Did the Officer unreasonably ignore State Protection evidence?
[31]
The Applicants contend that the Officer’s finding of adequate state protection was unreasonable, in that Colombia cannot protect them from FARC members pursuing them and their family.
[32]
The Respondent counters that the Officer reasonably determined that the state could provide adequate protection to the Applicants. The Respondent notes that the state does not have to be perfect in this regard and it is allowed to fail the Applicants in situations where providing protection would be too difficult, noting that the Applicants’ family was unable to provide the police details of their attackers for either the July or August 2016 incidents.
[33]
I am persuaded once again by the Applicants’ position on this second issue. The Officer simply commented on the general country conditions, and the fact that the family went to the police. Again, the Officer did not engage with the assertion that they were attacked, and the direct evidence that followed from the first police report, regarding the shooting incidents that took place within the following six months which resulted in injury and death.
[34]
Specifically, after the family reported the threatening FARC letter in February, FARC shot at them in July.

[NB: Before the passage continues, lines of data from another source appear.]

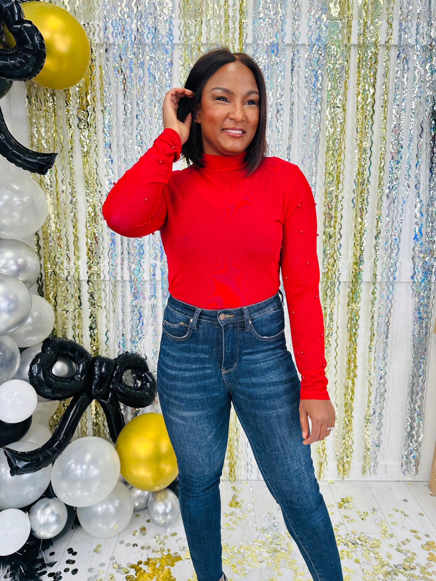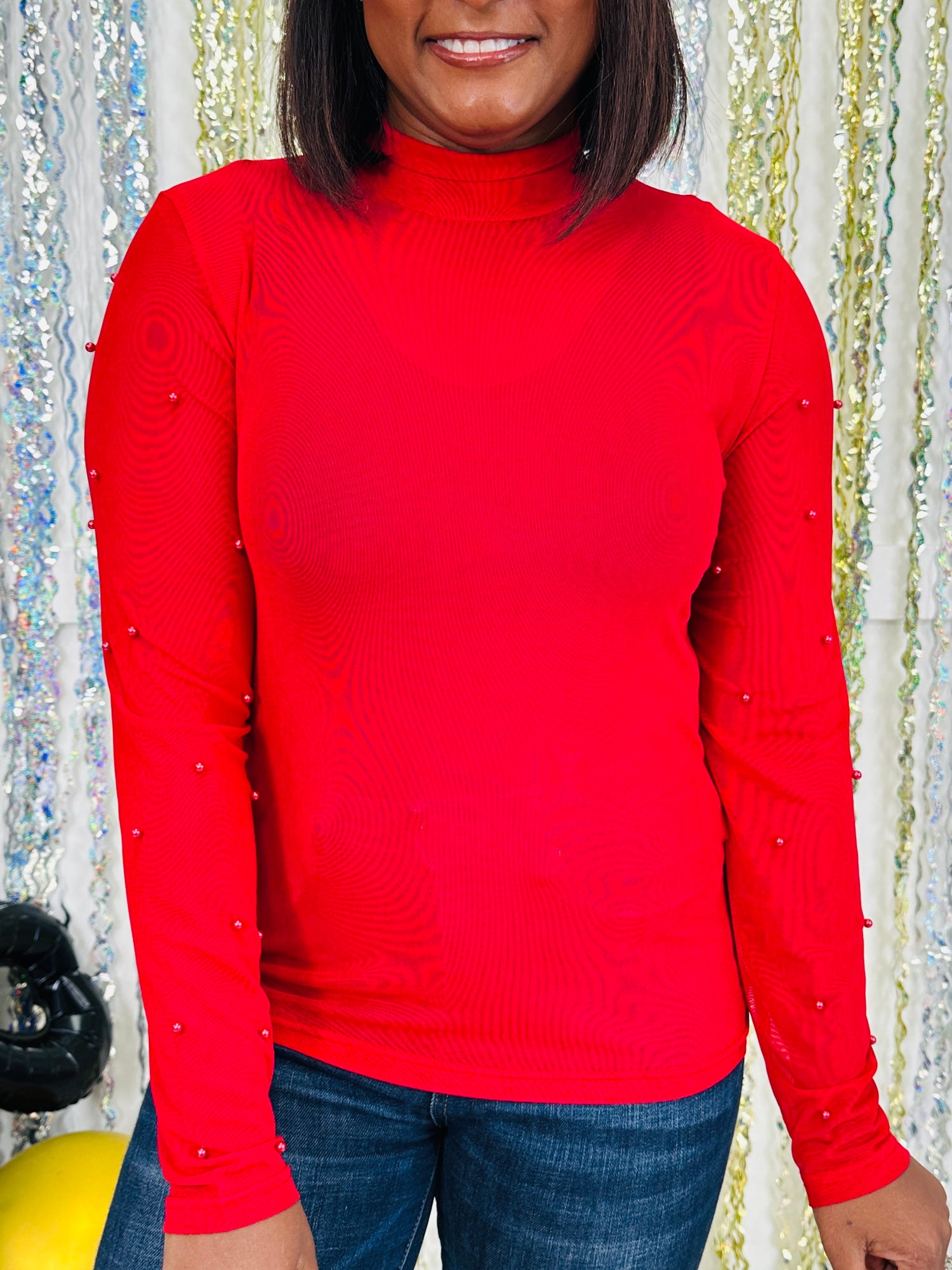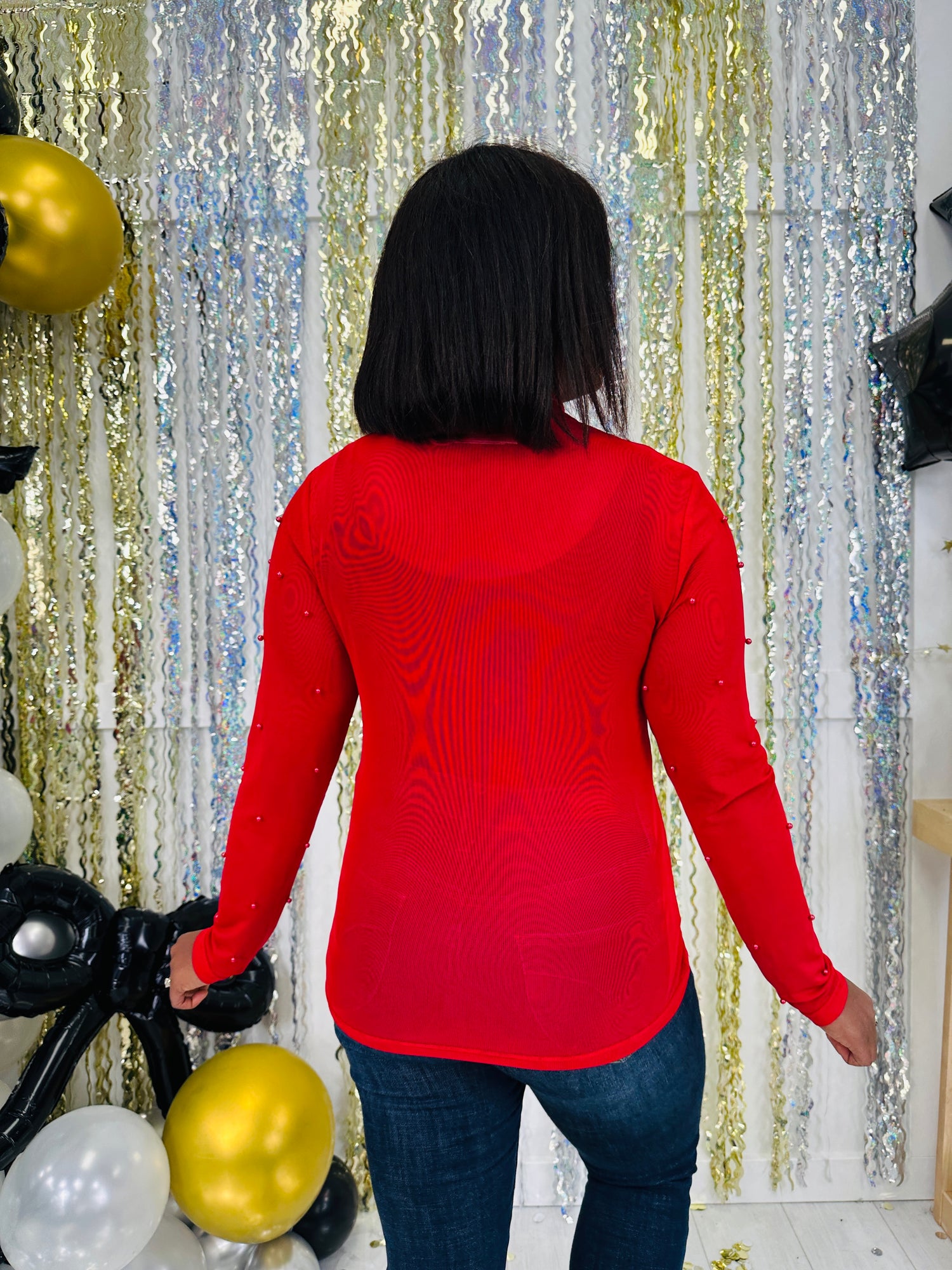 This stylish red top adds a pop of color to any wardrobe, featuring delicate matching pearl accents along the sleeves. Its form-fitting silhouette creates a flattering, streamlined look, making it perfect for layering or wearing on its own. Whether dressed up for a night out or styled casually, this top effortlessly combines elegance with comfort for a versatile addition to your collection.
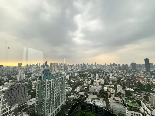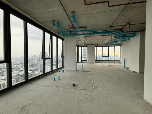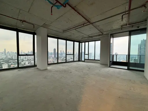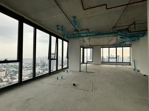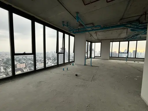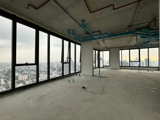 This is a pretty unique find—a high-rise corner unit with floor-to-ceiling windows on two sides, so you get amazing natural light and unobstructed city views all day. At 156 square meters, the layout is open and flexible, but the interior is still in a bare-shell condition. You’ve got this cool industrial vibe with unfinished concrete floors, exposed ceilings showing pipes, ducts, and wiring, and vertical support columns right inside the space.
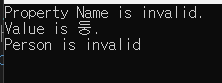 Console.WriteLine($"Property {property.Name} is invalid."
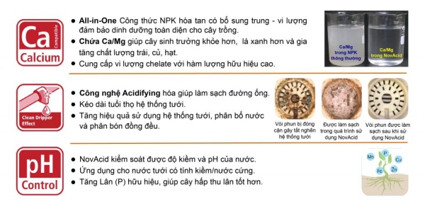 Tính năng đặc biệt: NovAcid 22-11-11+6MgO+TE là phân bón NPK + Trung vi lượng hòa tan 100% chuyên dùng cho tưới nhỏ giọt/ tưới phun gốc.
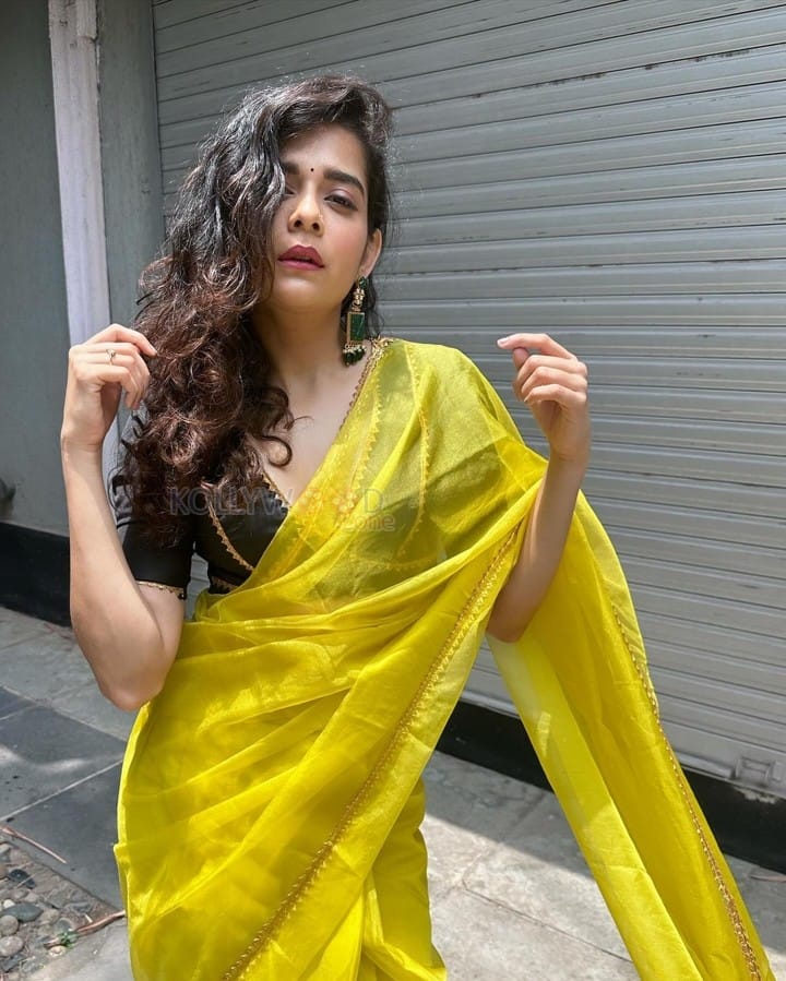 You are viewing a picture of Beautiful Mithila Palkar in a Yellow Silk Saree and Black Blouse Pictures 05 in KollywoodZone.com Photo Gallery.

The family members went to the police to seek formal protection, yet in the following month FARC killed their cousin and shot an uncle. Similar to the first issue (new evidence), the Officer’s analysis in explaining the adequacy of state protection in light of the evidence was deficient and therefore unreasonable.
C.
Did the Officer unreasonably deny the Applicants an oral hearing?
[35]
Given my findings above, there is no need to comment on the need for an oral hearing.
VI.
Conclusion
[36]
The Officer’s findings concerning the new evidence are unreasonably predicated on the relationship to the evidence that was before the RPD. The whole point of weighing the probative value of new evidence, once deemed to be admissible, is to consider whether it has any impact on the Applicants’ risk in returning to their country where they fear persecution, torture or death.
[37]
In other words, if in light of the legislation and Raza, new evidence is admitted for a PRRA as being relevant and having at least some probative value, then an officer must engage with the evidence before deciding on its weight. S/he cannot simply take away with the one hand what the other has given, deeming that the new evidence has no weight simply because it does not rebut the RPD panel’s credibility finding, or because it raises the same risk previously considered. Rather, an officer must explain why the new evidence has some or no weight, particularly if it comes from a third party or is more objective in nature, as occurred here.
[38]
Neither party raised a question for certification and I agree that no question arises.